[PATCH 2/3] drm/amdgpu: drop the sched_sync

Mon Nov 5 07:50:50 UTC 2018

> -----Original Message-----
> From: Koenig, Christian
> Sent: Monday, November 05, 2018 3:48 PM
> To: Liu, Monk <Monk.Liu at amd.com>; amd-gfx at lists.freedesktop.org; Zhou,
> David(ChunMing) <David1.Zhou at amd.com>
> Subject: Re: [PATCH 2/3] drm/amdgpu: drop the sched_sync
> 
> Am 05.11.18 um 08:24 schrieb Liu, Monk:
> >> David Zhou had an use case which saw a >10% performance drop the last
> time he tried it.
> > I really don't believe that, because if you insert a WAIT_MEM on an already
> signaled fence, it only cost GPU couple clocks to move  on, right ? no reason
> to slow down up to 10% ... with 3dmark vulkan version test, the performance
> is barely different ... with my patch applied ...
> 
> Why do you think that we insert a WAIT_MEM on an already signaled fence?
> The pipeline sync always wait for the last fence value (because we can't
> handle wraparounds in PM4).
> 
> So you have a pipeline sync when you don't need one and that is really really
> bad for things shared between processes, e.g.

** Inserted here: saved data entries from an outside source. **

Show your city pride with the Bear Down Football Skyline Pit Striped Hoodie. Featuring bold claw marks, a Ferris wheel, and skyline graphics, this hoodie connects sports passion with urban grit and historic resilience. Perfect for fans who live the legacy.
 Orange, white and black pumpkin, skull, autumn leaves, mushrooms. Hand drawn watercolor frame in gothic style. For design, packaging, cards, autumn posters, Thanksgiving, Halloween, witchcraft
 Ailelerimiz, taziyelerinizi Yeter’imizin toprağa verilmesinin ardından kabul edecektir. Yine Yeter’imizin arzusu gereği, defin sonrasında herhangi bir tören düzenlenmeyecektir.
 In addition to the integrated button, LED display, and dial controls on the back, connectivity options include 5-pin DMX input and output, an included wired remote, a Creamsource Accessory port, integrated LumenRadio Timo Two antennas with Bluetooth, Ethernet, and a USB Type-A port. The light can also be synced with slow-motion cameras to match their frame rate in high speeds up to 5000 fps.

X/Wayland and it's clients.
> 
> I also expects that this doesn't effect 3dmark at all, but everything which runs
> in a window which is composed by X could be slowed down massively.
> 
> David do you remember which use case was affected when you tried to drop
> this optimization?
That was a long time ago, I remember Andrey also tried to remove sched_sync before, but he eventually kept it, right?

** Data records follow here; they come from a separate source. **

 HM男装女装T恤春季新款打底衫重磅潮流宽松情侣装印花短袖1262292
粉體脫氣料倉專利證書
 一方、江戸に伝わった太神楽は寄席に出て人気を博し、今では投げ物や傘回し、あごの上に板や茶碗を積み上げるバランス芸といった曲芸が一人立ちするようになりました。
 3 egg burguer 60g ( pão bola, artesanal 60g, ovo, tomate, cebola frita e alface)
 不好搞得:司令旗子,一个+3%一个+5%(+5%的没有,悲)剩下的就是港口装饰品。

From Monk's patch, seems he doesn't change main logic, he just  moved sched_sync logic to job->need_pipe_sync.
But at least, I can see a bit effect, e.g. job process evaluates fence to sched_sync, but the fence could be signaled when amdgpu_ib_schedule, then don't need insert pipeline sync.

Anyway, this is a sensitive path, we should change it carefully, we should give a wide test.

Regards,
David Zhou
> 
> >> When a reset happens we flush the VMIDs when re-submitting the jobs
> to the rings and while doing so we also always do a pipeline sync.

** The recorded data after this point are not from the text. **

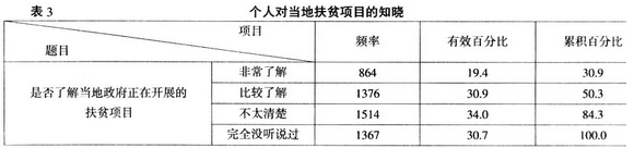 对当地政府正在开展的扶贫项目,被调查者知晓度如下表所示:
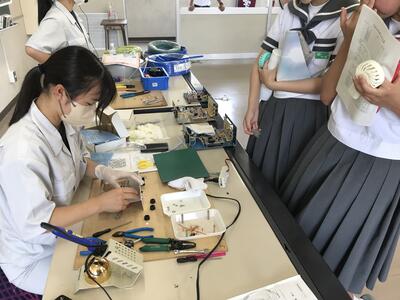 在校生たちから中学生に向けて各科の学習内容についての説明や体験実習の指導がありました!
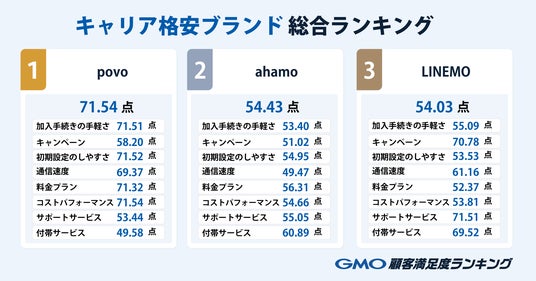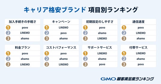 GMOインターネットグループで、インターネットリサーチ事業を展開するGMOリサーチ&AI株式会社(代表取締役社長:荻田 剛大 以下、GMOリサーチ&AI 略称:GMO-R&AI)は、同社が運営する「GMO顧客満足度ランキング」において、2025年の「キャリア格安ブランド」(※1)カテゴリのランキング結果を2025年9月10日に公開しました。本ランキングの総合ランキングでは、povo(運営:KDDIグループ KDDI Digital Life株式会社)が1位を獲得しました。
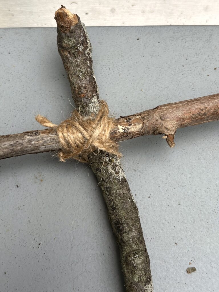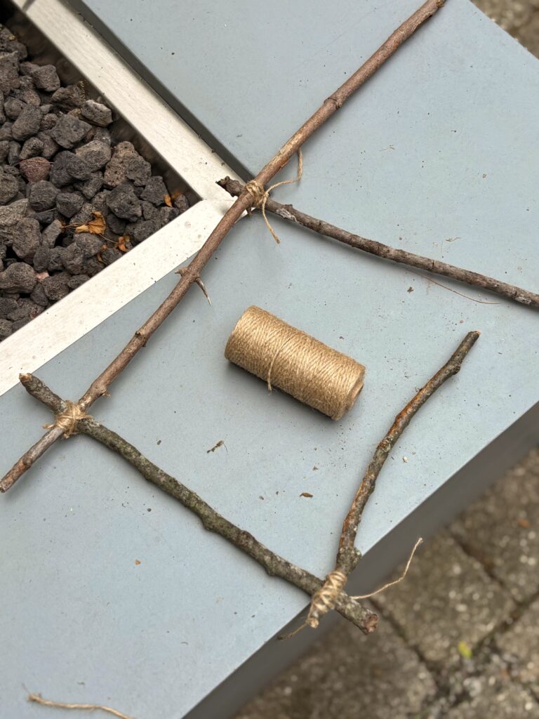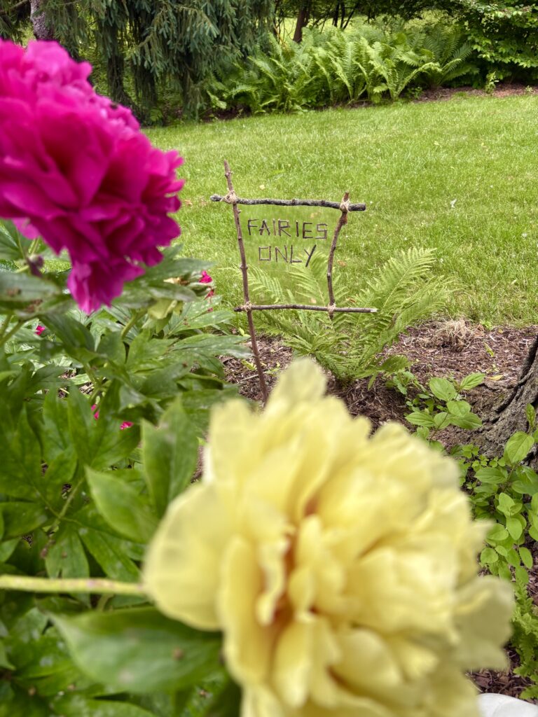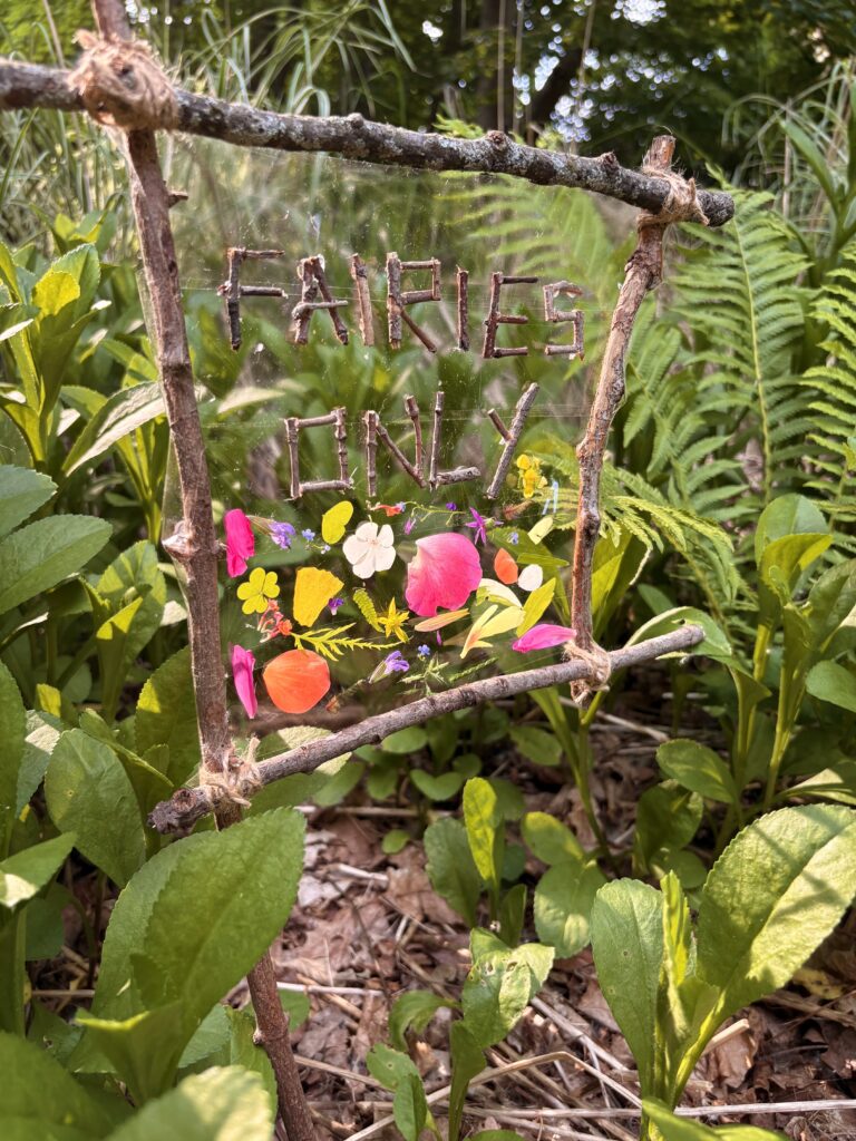 DIY nature fairy garden sign for kids. My four year old has been busy building a little fairy garden in our backyard and we needed a sign to complete the look. We foraged sticks from the yard, wrapped with twine, and hot glued little sticks to make letters. I was out of clear contact paper, so we used packing tape on the back of the sign. Really cute and fun!

> > I will check that point in my branch, I didn't use drm-next, maybe
> > there is gap in this part
> 
> We had that logic for a very long time now, but we recently simplified it.
> Could be that there was a bug introduced doing so.
> 
> Maybe we should add a specific flag to run_job() to note that we are re-
> running a job and then always add VM flushes/pipeline syncs?
> 
> But my main question is why do you see any issues with quark? That is a
> workaround for an issue for Vulkan sync handling and should only surface
> when a specific test is run many many times.
> 
> Regards,
> Christian.
> 
> >
> > /Monk
> > -----Original Message-----
> > From: Koenig, Christian
> > Sent: Monday, November 5, 2018 3:02 AM
> > To: Liu, Monk <Monk.Liu at amd.com>; amd-gfx at lists.freedesktop.org
> > Subject: Re: [PATCH 2/3] drm/amdgpu: drop the sched_sync
> >
> >> Can you tell me which game/benchmark will have performance drop with
> this fix by your understanding ?
> > When you sync between submission things like composing X windows are
> slowed down massively.
> >
> > David Zhou had an use case which saw a >10% performance drop the last
> time he tried it.
> >
> >> The problem I hit is during the massive stress test against
> >> multi-process + quark , if the quark process hang the engine while there is
> another two job following the bad job, After the TDR these two job will lose
> the explicit and the pipeline-sync was also lost.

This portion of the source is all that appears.